1,605 books14.5k followers
Jorge Francisco Isidoro Luis Borges Acevedo was an Argentine short-story writer, essayist, poet and translator regarded as a key figure in Spanish-language and international literature. His best-known works, Ficciones (transl. Fictions) and El Aleph (transl. The Aleph), published in the 1940s, are collections of short stories exploring motifs such as dreams, labyrinths, chance, infinity, archives, mirrors, fictional writers and mythology. Borges's works have contributed to philosophical literature and the fantasy genre, and have had a major influence on the magic realist movement in 20th century Latin American literature.

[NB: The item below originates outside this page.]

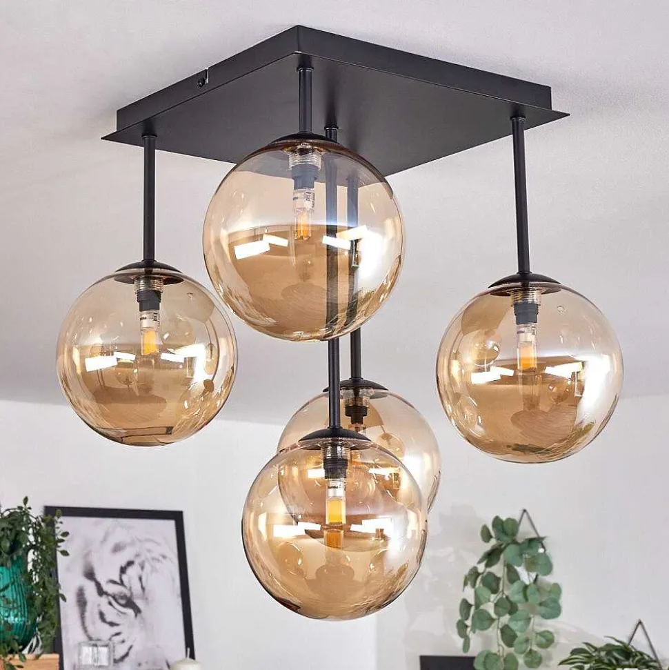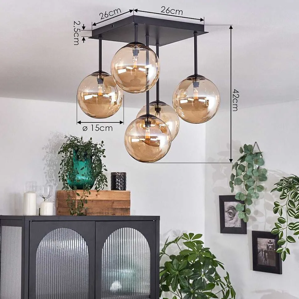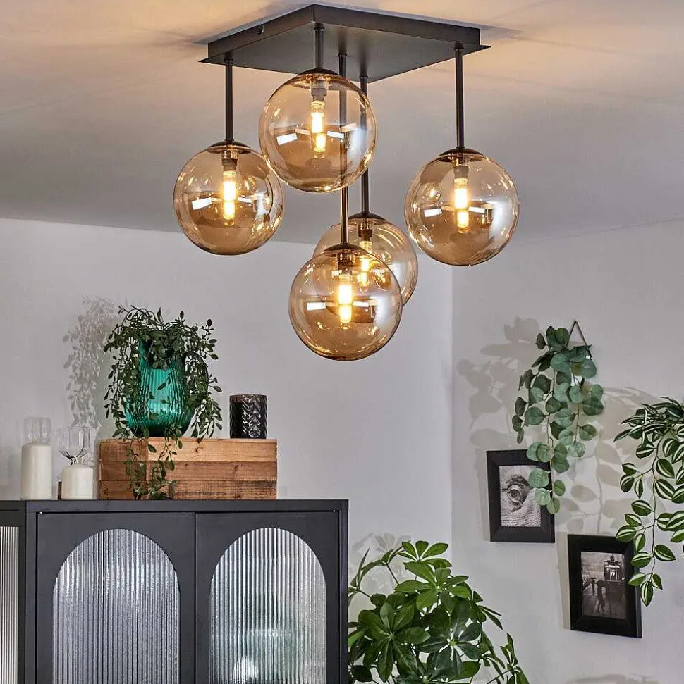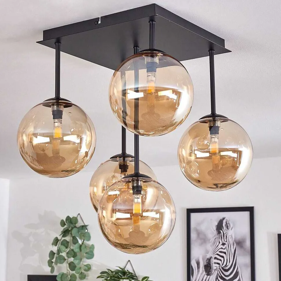 Plafonnier Salmi Led Brun, Couleur Bois, Noir, 1 Lumiere, Telecommandes

Born in Buenos Aires, Borges later moved with his family to Switzerland in 1914, where he studied at the Collège de Genève. The family travelled widely in Europe, including Spain. On his return to Argentina in 1921, Borges began publishing his poems and essays in surrealist literary journals. He also worked as a librarian and public lecturer. In 1955, he was appointed director of the National Public Library and professor of English Literature at the University of Buenos Aires. He became completely blind by the age of 55. Scholars have suggested that his progressive blindness helped him to create innovative literary symbols through imagination. By the 1960s, his work was translated and published widely in the United States and Europe. Borges himself was fluent in several languages.
In 1961, he came to international attention when he received the first Formentor Prize, which he shared with Samuel Beckett. In 1971, he won the Jerusalem Prize. His international reputation was consolidated in the 1960s, aided by the growing number of English translations, the Latin American Boom, and by the success of Gabriel García Márquez's One Hundred Years of Solitude. He dedicated his final work, The Conspirators, to the city of Geneva, Switzerland. Writer and essayist J.M. Coetzee said of him: "He, more than anyone, renovated the language of fiction and thus opened the way to a remarkable generation of Spanish-American novelists."